Problem requirements => The records below are to be repeated exactly, and their pictures left out.

[Provided records — start]

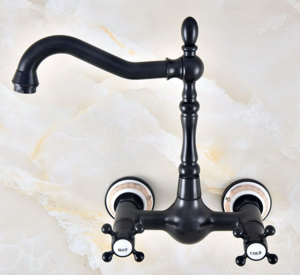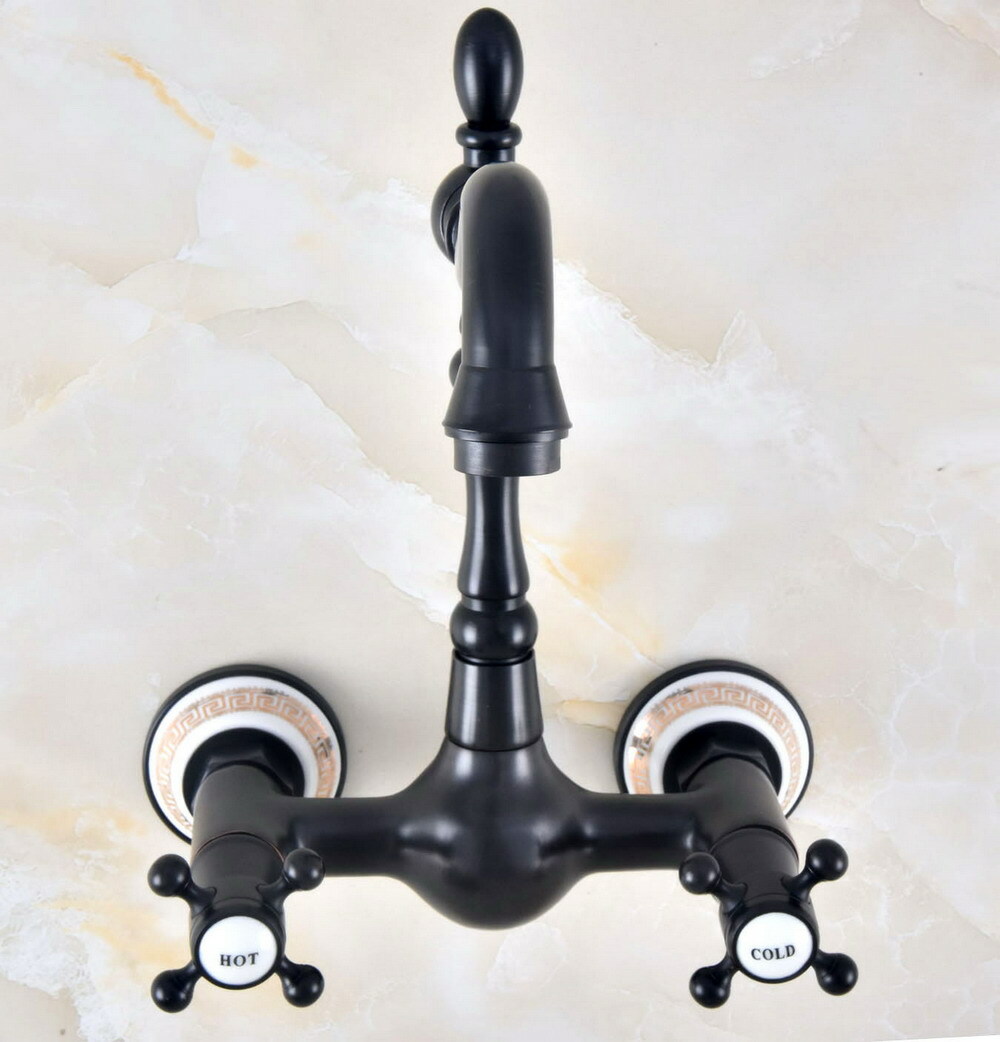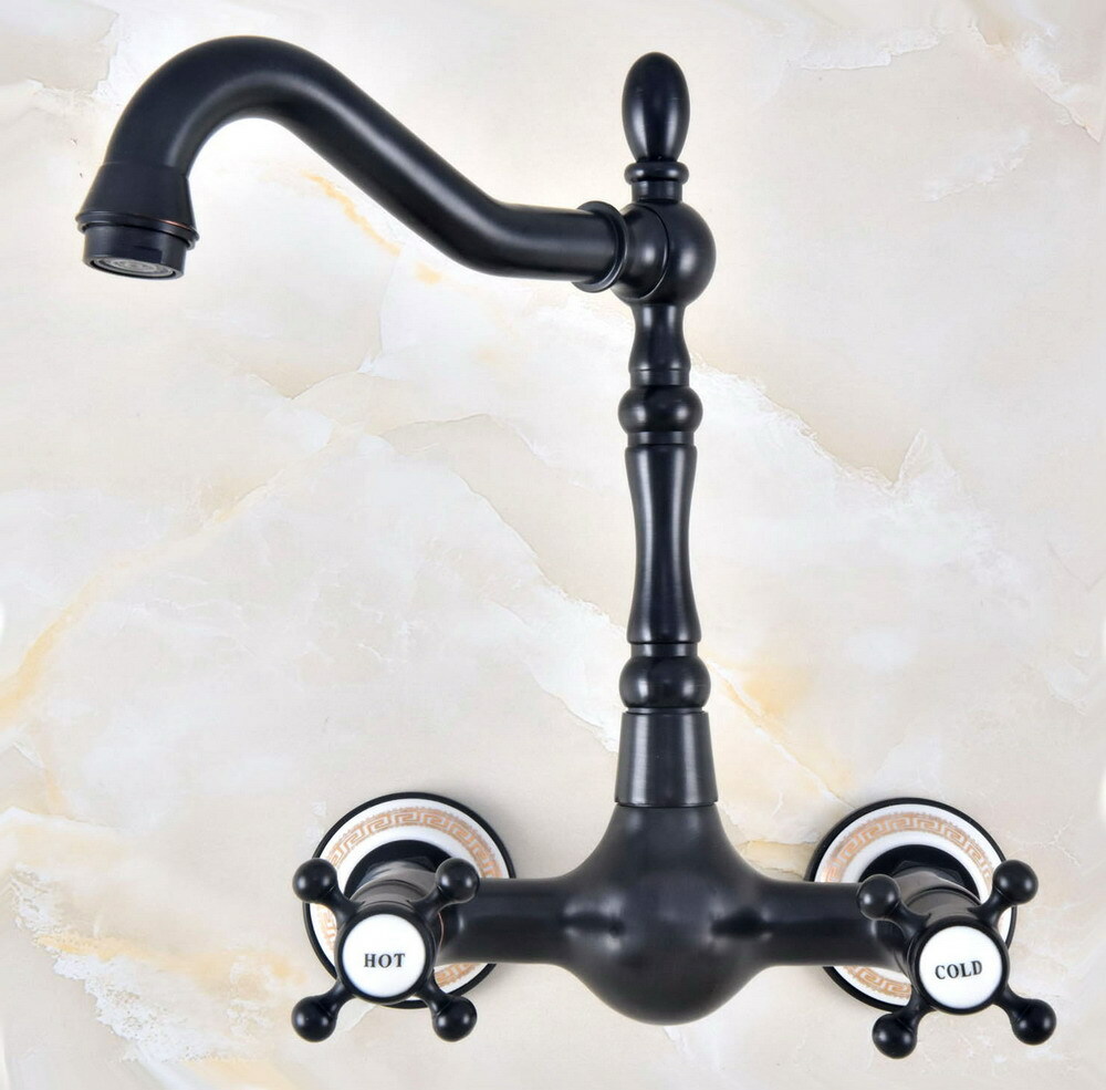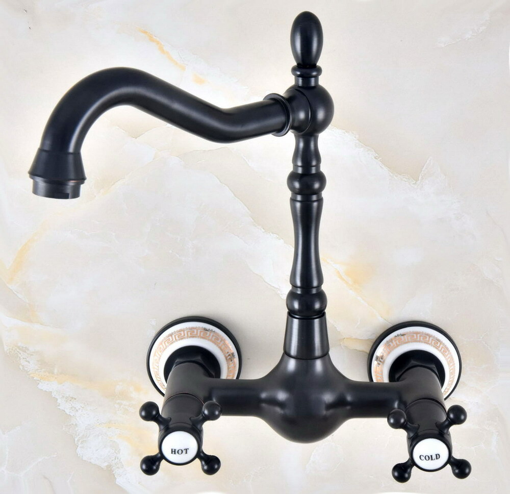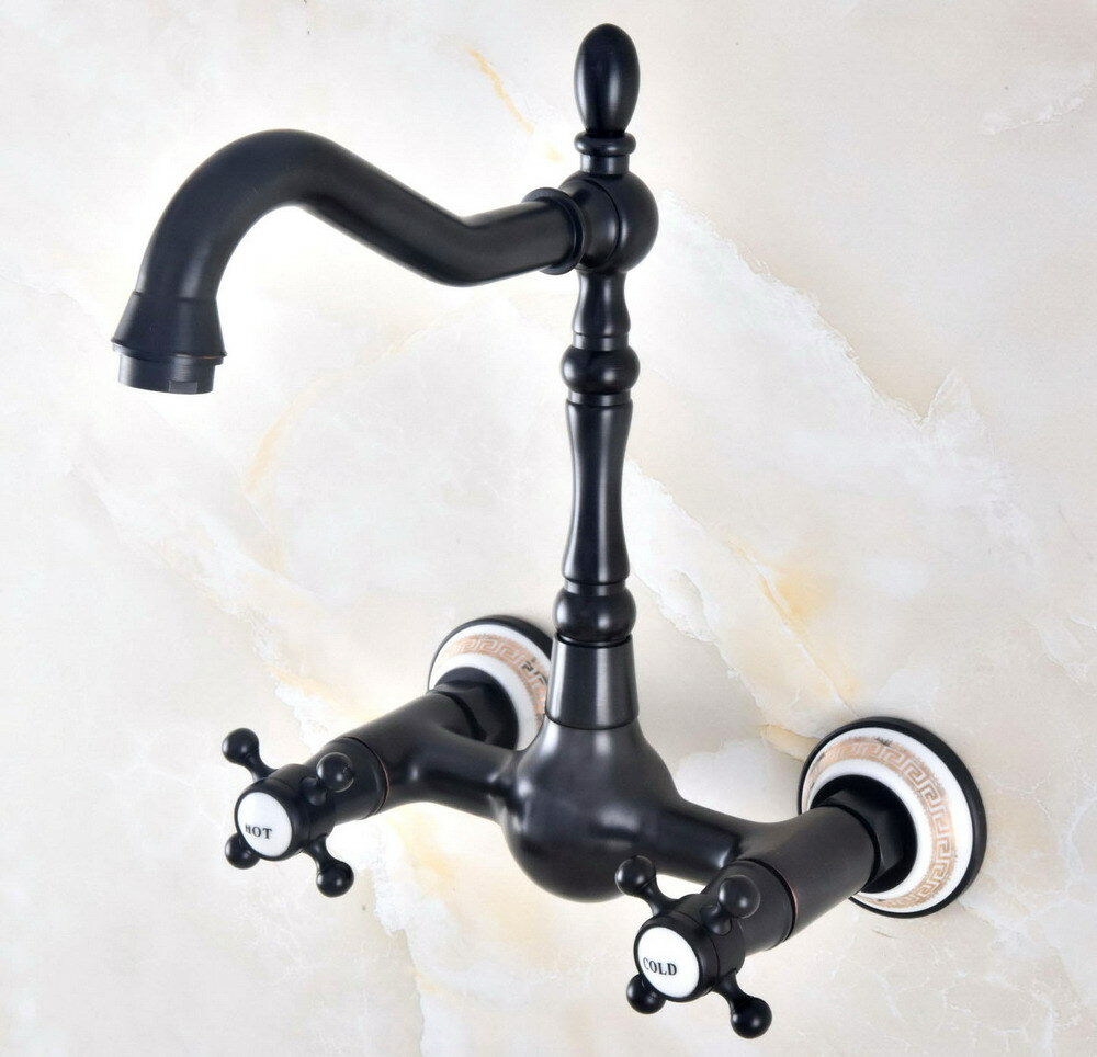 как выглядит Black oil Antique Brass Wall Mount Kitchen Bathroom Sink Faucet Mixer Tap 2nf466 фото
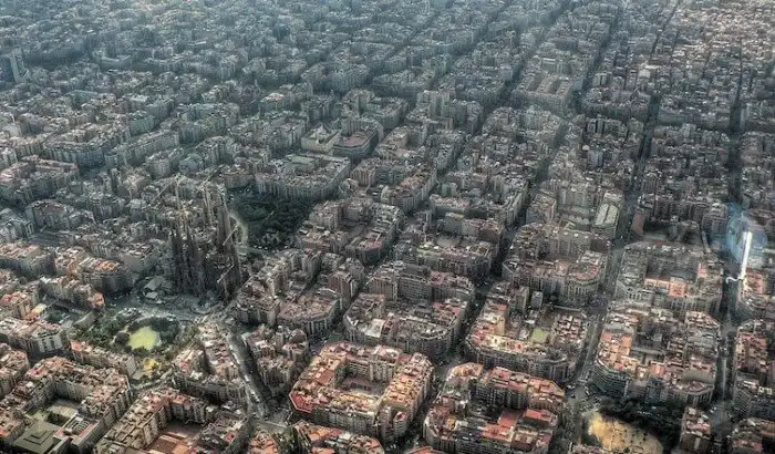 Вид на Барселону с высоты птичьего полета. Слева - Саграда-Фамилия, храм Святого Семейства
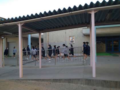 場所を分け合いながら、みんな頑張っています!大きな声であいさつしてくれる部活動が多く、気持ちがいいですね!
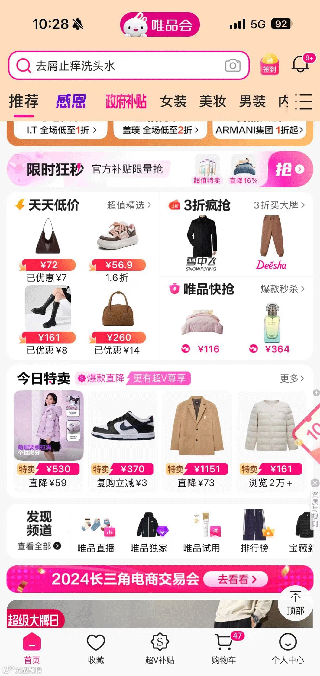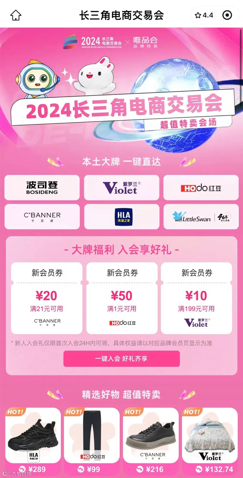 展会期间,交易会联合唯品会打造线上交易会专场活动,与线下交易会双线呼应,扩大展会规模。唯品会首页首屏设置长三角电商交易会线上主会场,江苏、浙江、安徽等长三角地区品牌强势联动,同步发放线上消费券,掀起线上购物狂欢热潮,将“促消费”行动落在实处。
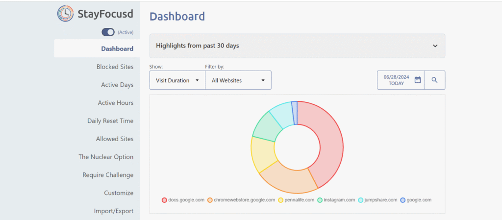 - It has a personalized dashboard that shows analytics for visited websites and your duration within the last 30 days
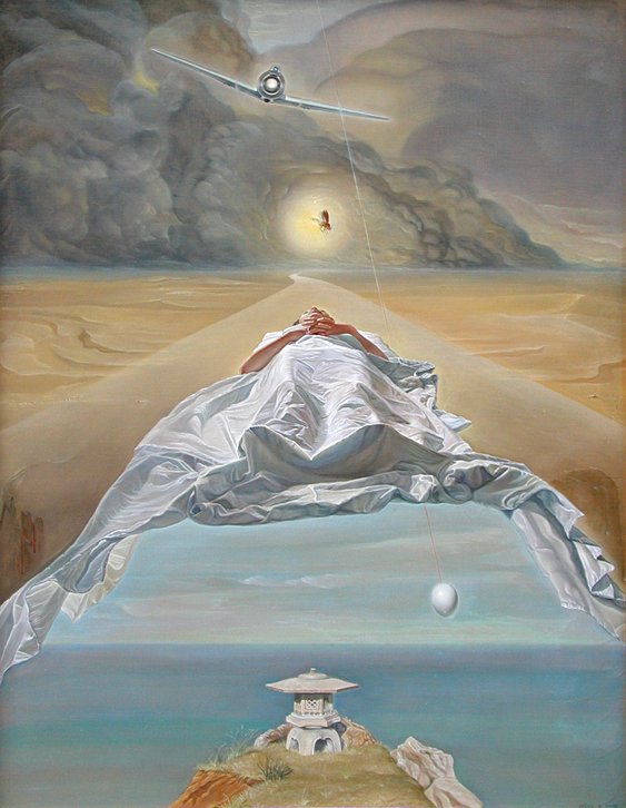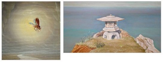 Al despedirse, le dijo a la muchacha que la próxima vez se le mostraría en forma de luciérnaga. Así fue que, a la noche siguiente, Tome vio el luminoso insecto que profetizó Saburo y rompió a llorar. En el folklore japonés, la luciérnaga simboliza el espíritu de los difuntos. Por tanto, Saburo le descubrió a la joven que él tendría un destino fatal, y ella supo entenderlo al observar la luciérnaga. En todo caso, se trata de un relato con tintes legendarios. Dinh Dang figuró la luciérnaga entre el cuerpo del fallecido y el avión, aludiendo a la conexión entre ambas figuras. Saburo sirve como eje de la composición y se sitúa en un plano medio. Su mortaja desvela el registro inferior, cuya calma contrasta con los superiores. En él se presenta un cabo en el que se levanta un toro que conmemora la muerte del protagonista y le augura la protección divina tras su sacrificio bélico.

[Provided records — finish]

The answer =>
 как выглядит Black oil Antique Brass Wall Mount Kitchen Bathroom Sink Faucet Mixer Tap 2nf466 фото
 Вид на Барселону с высоты птичьего полета. Слева - Саграда-Фамилия, храм Святого Семейства
 場所を分け合いながら、みんな頑張っています!大きな声であいさつしてくれる部活動が多く、気持ちがいいですね!
 展会期间,交易会联合唯品会打造线上交易会专场活动,与线下交易会双线呼应,扩大展会规模。唯品会首页首屏设置长三角电商交易会线上主会场,江苏、浙江、安徽等长三角地区品牌强势联动,同步发放线上消费券,掀起线上购物狂欢热潮,将“促消费”行动落在实处。
 - It has a personalized dashboard that shows analytics for visited websites and your duration within the last 30 days
 Al despedirse, le dijo a la muchacha que la próxima vez se le mostraría en forma de luciérnaga. Así fue que, a la noche siguiente, Tome vio el luminoso insecto que profetizó Saburo y rompió a llorar. En el folklore japonés, la luciérnaga simboliza el espíritu de los difuntos. Por tanto, Saburo le descubrió a la joven que él tendría un destino fatal, y ella supo entenderlo al observar la luciérnaga. En todo caso, se trata de un relato con tintes legendarios. Dinh Dang figuró la luciérnaga entre el cuerpo del fallecido y el avión, aludiendo a la conexión entre ambas figuras. Saburo sirve como eje de la composición y se sitúa en un plano medio. Su mortaja desvela el registro inferior, cuya calma contrasta con los superiores. En él se presenta un cabo en el que se levanta un toro que conmemora la muerte del protagonista y le augura la protección divina tras su sacrificio bélico.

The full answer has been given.